INSTRUCTIONS FOR THE TASK =
From the listing below, please restate exactly the lines beginning at the one with "Users of Android" and ending at the one with "在日常工作和生活中,证明书是", both included, and skip the pictures.

DATASET EXCERPTS =

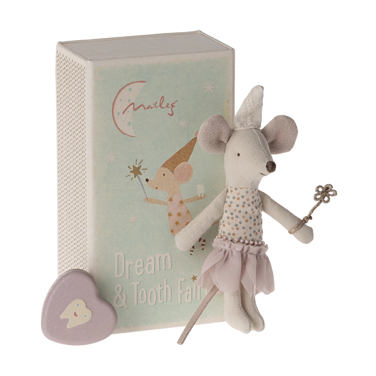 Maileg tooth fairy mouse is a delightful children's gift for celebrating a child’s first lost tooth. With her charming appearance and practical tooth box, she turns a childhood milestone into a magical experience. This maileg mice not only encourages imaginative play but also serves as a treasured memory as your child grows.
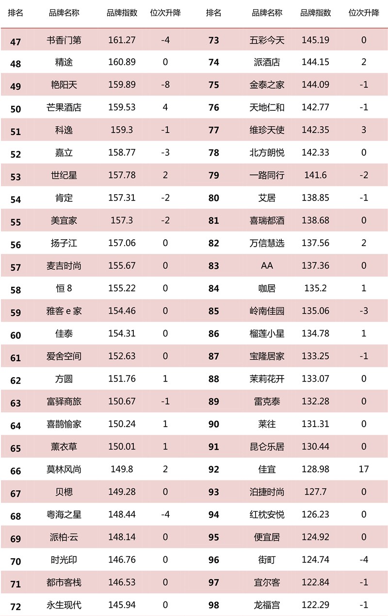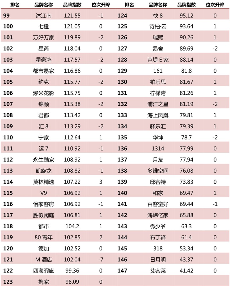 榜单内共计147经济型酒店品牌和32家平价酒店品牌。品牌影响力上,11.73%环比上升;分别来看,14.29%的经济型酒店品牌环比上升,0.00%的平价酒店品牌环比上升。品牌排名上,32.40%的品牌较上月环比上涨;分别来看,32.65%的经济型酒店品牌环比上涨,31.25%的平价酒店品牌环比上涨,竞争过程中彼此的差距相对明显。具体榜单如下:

==

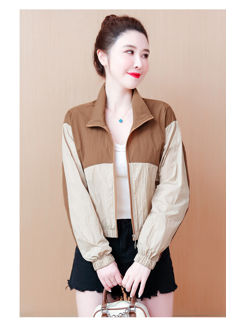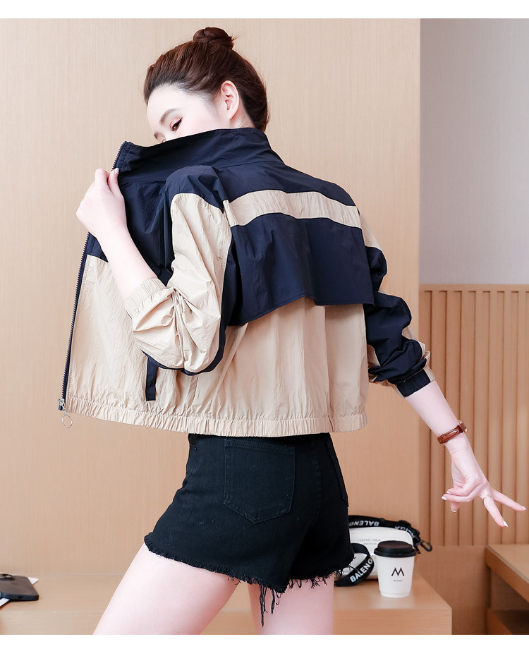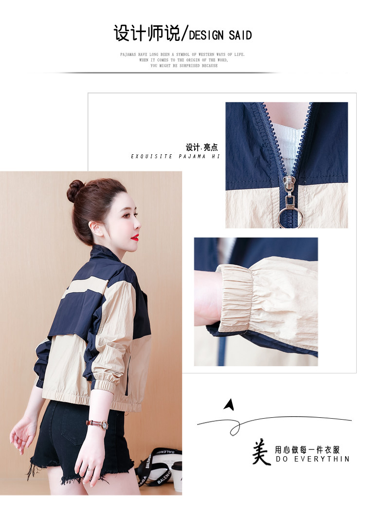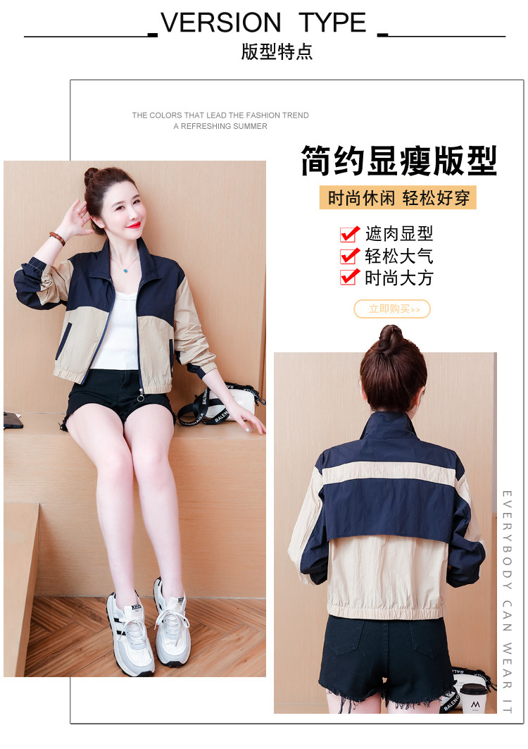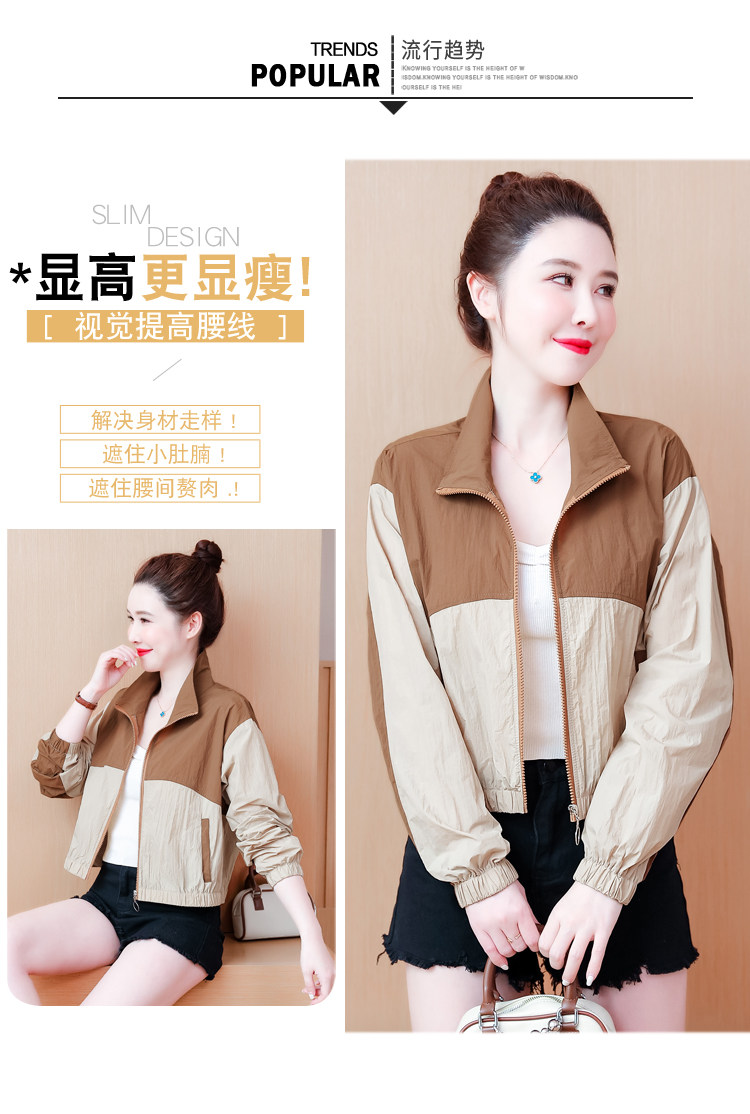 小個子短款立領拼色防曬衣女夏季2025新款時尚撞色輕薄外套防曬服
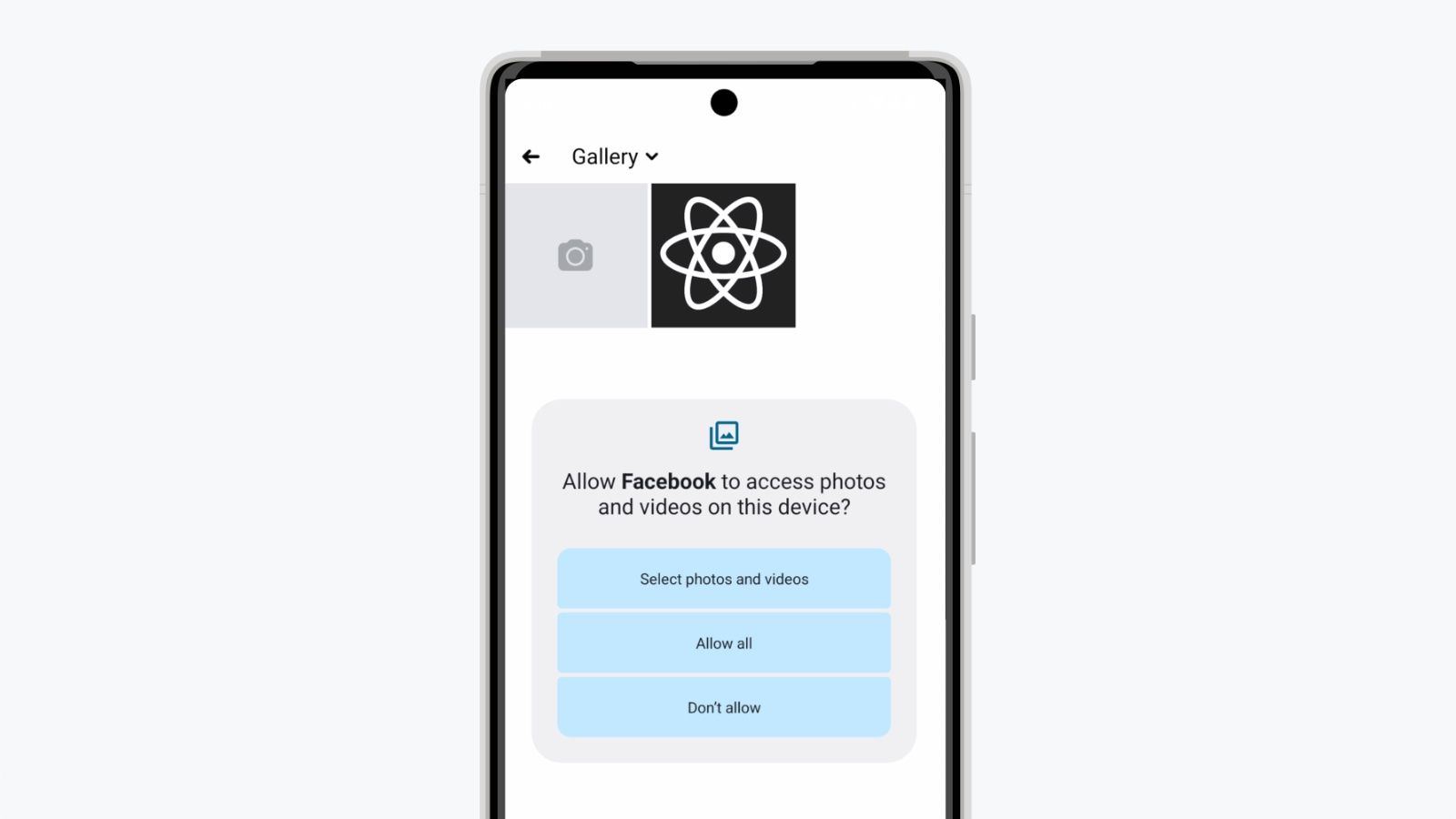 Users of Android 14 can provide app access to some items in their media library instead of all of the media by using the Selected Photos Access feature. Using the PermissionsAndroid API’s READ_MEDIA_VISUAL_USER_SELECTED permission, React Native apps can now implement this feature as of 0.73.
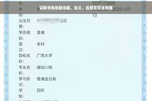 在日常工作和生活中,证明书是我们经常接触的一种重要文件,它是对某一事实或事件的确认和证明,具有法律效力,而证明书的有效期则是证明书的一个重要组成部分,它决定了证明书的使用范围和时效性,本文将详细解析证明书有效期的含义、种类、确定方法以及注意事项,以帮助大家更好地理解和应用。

PROBLEM SOLUTION =
 Users of Android 14 can provide app access to some items in their media library instead of all of the media by using the Selected Photos Access feature. Using the PermissionsAndroid API’s READ_MEDIA_VISUAL_USER_SELECTED permission, React Native apps can now implement this feature as of 0.73.
 在日常工作和生活中,证明书是我们经常接触的一种重要文件,它是对某一事实或事件的确认和证明,具有法律效力,而证明书的有效期则是证明书的一个重要组成部分,它决定了证明书的使用范围和时效性,本文将详细解析证明书有效期的含义、种类、确定方法以及注意事项,以帮助大家更好地理解和应用。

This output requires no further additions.